Hi Eviepeevie, welcome to the forum  Sorry to hear about your diagnosis, and that it wasn't handled well. But don't panic! This is a marathon not a sprint, so I would suggest not going overboard immediately and completely revamping your diet. Take a little time to understand diabetes, and what it may mean for you personally so you can take a more measured and sustainable approach to getting things under control. Your nurses's suggestion of low-carb is a good one, but as Trophywench says there is no need to immediately cut things to the bone.

A good place to start is by reading Jennifer's Advice and Maggie Davey's letter which will gove you a good insight into what to expect. Also, get a copy of Type 2 Diabetes: The First Year by Gretchen Becker - highly recommended by many of our members. The more you know about what you are facing, the better you will feel, because fear of the unknown is one of the major worries people who are newly-diagnosed face. In terms of diet, I would suggest looking at a low GI or GL diet (Glycaemic Index/Glycaemic Load), which is a way of selecting foods that will release energy slowly and steadily and minimise impact on your blood sugar levels. The GL Diet for Dummies is a good introduction.

Your tests of 16 and 11.5 are on the high side, but that is often the case when people are diagnosed and now you have been diagnosed and can start tackling things, those numbers will improve greatly (as a comparison, mine were 37 and 11.8  but now I am fine). And it's not all bad news (believe it or not!) - many people find that the modifications they make to their diet and activity levels lead to them feeling fitter and healthier than they have for some time - paradoxically, it can be the spur to much-improved well-being 

Were you given a blood testing kit? If not, do ask for one, as this is the best way of finding out how different meals affect you personally. People can have very different tolerances for the same things e.g. bread, pasta, so it is important to determine your own individual tolerances. Read Test,Review, Adjust by Alan S  for an understanding of how this helps.

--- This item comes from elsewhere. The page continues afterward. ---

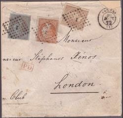 Lot0358 - ΕΛΛΑΔΑ 1872, τμήμα επιστολής από Αθήνα (στικτή σφραγίδα Νο 1) προς Λονδίνο με κεφαλές Ερμή των 40λ-10λ-2λ ✉

Please ask any questions you may have, there will always be someone here who will be happy to help you out - and you are free to have a good old moan or vent amongst people who know exactly how you feel! I look forward to hearing more from you


----------



## LeeLee

Is weight a factor for you?  It affects my levels big-time.  I joined Slimming World and have lost 25% of my former weight in 7 months and that combined with a 500x2daily dose of Metformin has got me back in control.  SW teaches you to make better food choices for life and most of what it advocates is diabetes-friendly.


----------



## Copepod

Welcome Eviepeevie

In addition the the lonks others have given you, I'll try to explain a couple of things you mentioned in your original post:

The "three month average" blood test is called HbA1c - more information here:  http://www.diabetes.org.uk/Guide-to.../Glycated_haemoglobin_HbA1c_and_fructosamine/ Note that there are 2 sets of units, and laboratories are gradually changing over from % to mmol/mol - the webpage has a conversion chart & converter. 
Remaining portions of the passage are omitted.